The whole project is navigable through one local Flask dashboard (http://localhost:5001) — literature, sample, figures and verdicts in a single workflow.

Dashboard research overview
Research overview
16 papers, real sample, identification design and core results in one entry point
CMA evidence tiers and H7 interaction detail
CMA evidence tiers & H7 interaction
support strength, robustness and sector interaction for all 7 hypotheses on one screen
More screenshots (full-page)

There is no public hosted demo — run it locally (below).


Run it

make sync                      # install pinned deps from uv.lock (reproducible)
index-inclusion-dashboard      # then open http://localhost:5001

make rebuild                   # 10 步: re-run the full offline pipeline (events → CMA → figures → report)
make verdicts                  # print the 7-hypothesis verdict table in the terminal
make ci                        # lint + type-check + coverage gate + project health checks

Dashboard modes: / (overview), /?mode=brief (3-min read), /?mode=full (everything), /paper/<id> (single-paper reader + source PDF).

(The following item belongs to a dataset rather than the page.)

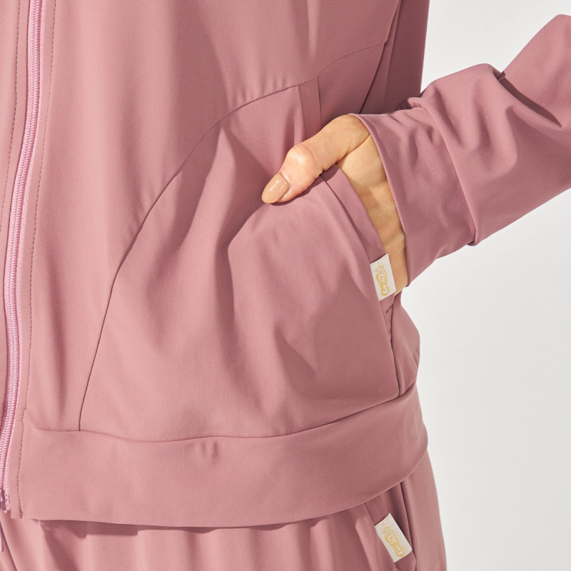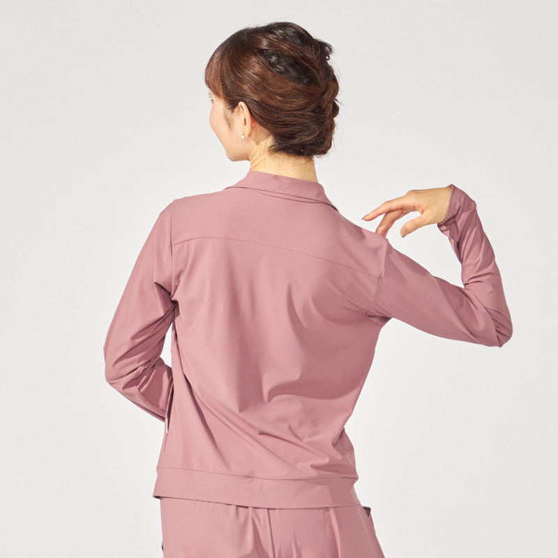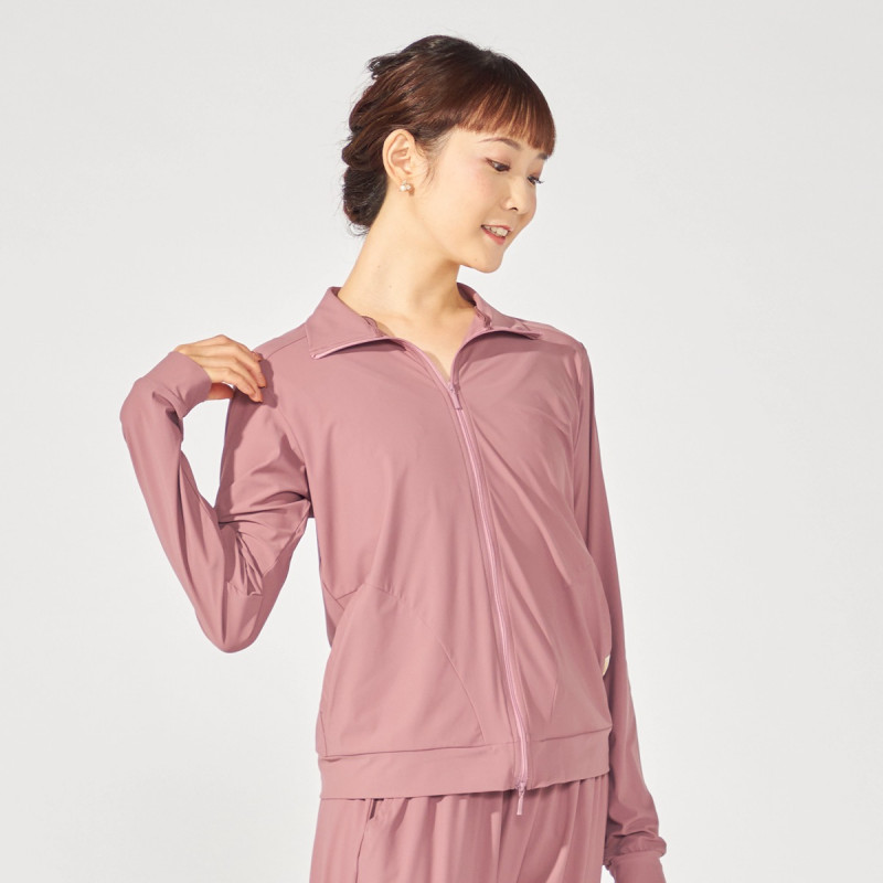 レッスンの合間や楽屋着として重宝する、シンプルなジップアップジャケット

How it's built (the engineering)

The research is ~11k lines; the rest is the infrastructure that makes it reproducible and auditable end-to-end — built to the standard I'd want a research codebase held to.

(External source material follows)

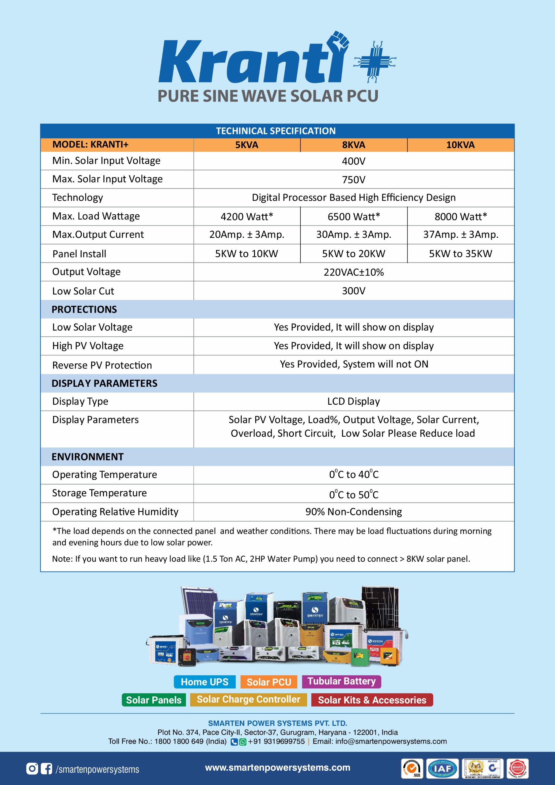 Be the first to review “Smarten Kranti+ 5KVA Battery Less MPPT Solar PCU” Cancel reply

  • Deterministic, offline pipeline. index-inclusion-rebuild-all recomputes every result from data/ in ~3 min with no network calls; the frozen verdict baseline reproduces unchanged on re-run — a pap-diff drift audit confirms all 7 hypotheses stay put.
  • Automated quality gates. A custom doctor framework runs 30 health checks (artifact freshness, schema contracts, chart registry, cross-document consistency) and a paper-integrity gate cross-checks that the README/paper numbers actually match the committed CSVs; index-inclusion-paper-skeleton regenerates the paper skeleton straight from the frozen artifacts. make ci is green.
  • Tested. ~1,190 unit + integration tests (event study, matching + covariate balance, robustness, pipeline main() integration, dashboard rendering), lint (ruff) and mypy clean.
  • Honest seeds & snapshots. All randomness is seeded; verdict baselines are snapshotted so any drift in conclusions is visible over time.

Methods stack

Event study (market-adjusted + market-model AR, Patell Z, BMP t) · propensity-style matched controls with Stuart-2010 SMD balance · long-window retention · pseudo-event placebos · sign-flip permutation tests · event-clustered (CRV1) SE · post-hoc power analysis (MDE) · Bonferroni/BH multiple-testing correction.


Repo map

src/index_inclusion_research/
  analysis/          event study, regressions, RDD, cross-market asymmetry, robustness, power
  pipeline/          sample construction, matching (+ covariate balance)
  outputs/           figure & table builders
  dashboard/ web/    Flask app + templates/static (the interactive front-end)
  doctor/            project-health check framework
data/                raw/ + processed/
results/             event_study/, regressions/, figures/, tables/, real_*/, literature/
docs/                literature maps, methodology, limitations, identification roadmap (some in Chinese)
tests/               ~1,190 unit + integration tests

Deeper write-ups (several in Chinese): research delivery package · paper outline · limitations · identification roadmap · CLI reference — 43 个 console scripts.


About this project

A solo build that takes an established question in the index-inclusion literature and implements it end-to-end — data, event study, matched-control design, robustness, and an interactive research front-end — with the goal of getting the process right (reproducibility, honest inference, clean code) rather than forcing a headline result. Licensed MIT.